### GIVEN INFORMATION
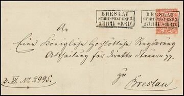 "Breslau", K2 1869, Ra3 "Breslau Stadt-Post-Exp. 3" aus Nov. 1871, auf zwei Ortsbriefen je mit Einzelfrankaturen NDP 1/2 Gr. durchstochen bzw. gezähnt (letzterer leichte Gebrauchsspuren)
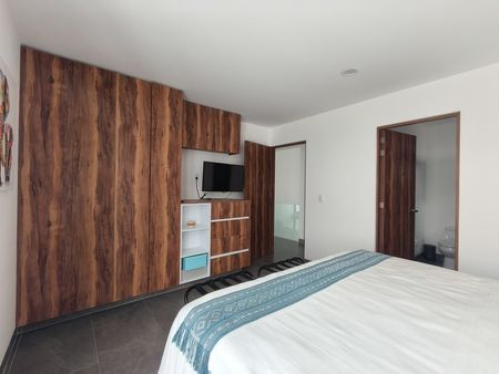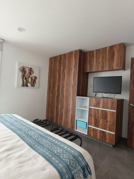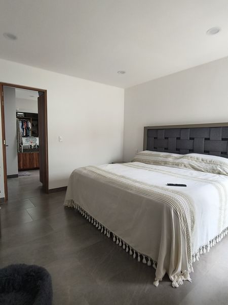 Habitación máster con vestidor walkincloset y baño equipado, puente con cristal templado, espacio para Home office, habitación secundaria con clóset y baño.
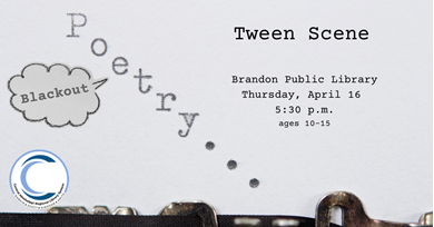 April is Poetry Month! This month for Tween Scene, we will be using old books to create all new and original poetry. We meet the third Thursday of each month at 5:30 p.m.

### TASK ITEM
Only the text of the listing above is wanted, transcribed exactly, without its images.

### ANSWER FOR THIS EXERCISE
 "Breslau", K2 1869, Ra3 "Breslau Stadt-Post-Exp. 3" aus Nov. 1871, auf zwei Ortsbriefen je mit Einzelfrankaturen NDP 1/2 Gr. durchstochen bzw. gezähnt (letzterer leichte Gebrauchsspuren)
 Habitación máster con vestidor walkincloset y baño equipado, puente con cristal templado, espacio para Home office, habitación secundaria con clóset y baño.
 April is Poetry Month! This month for Tween Scene, we will be using old books to create all new and original poetry. We meet the third Thursday of each month at 5:30 p.m.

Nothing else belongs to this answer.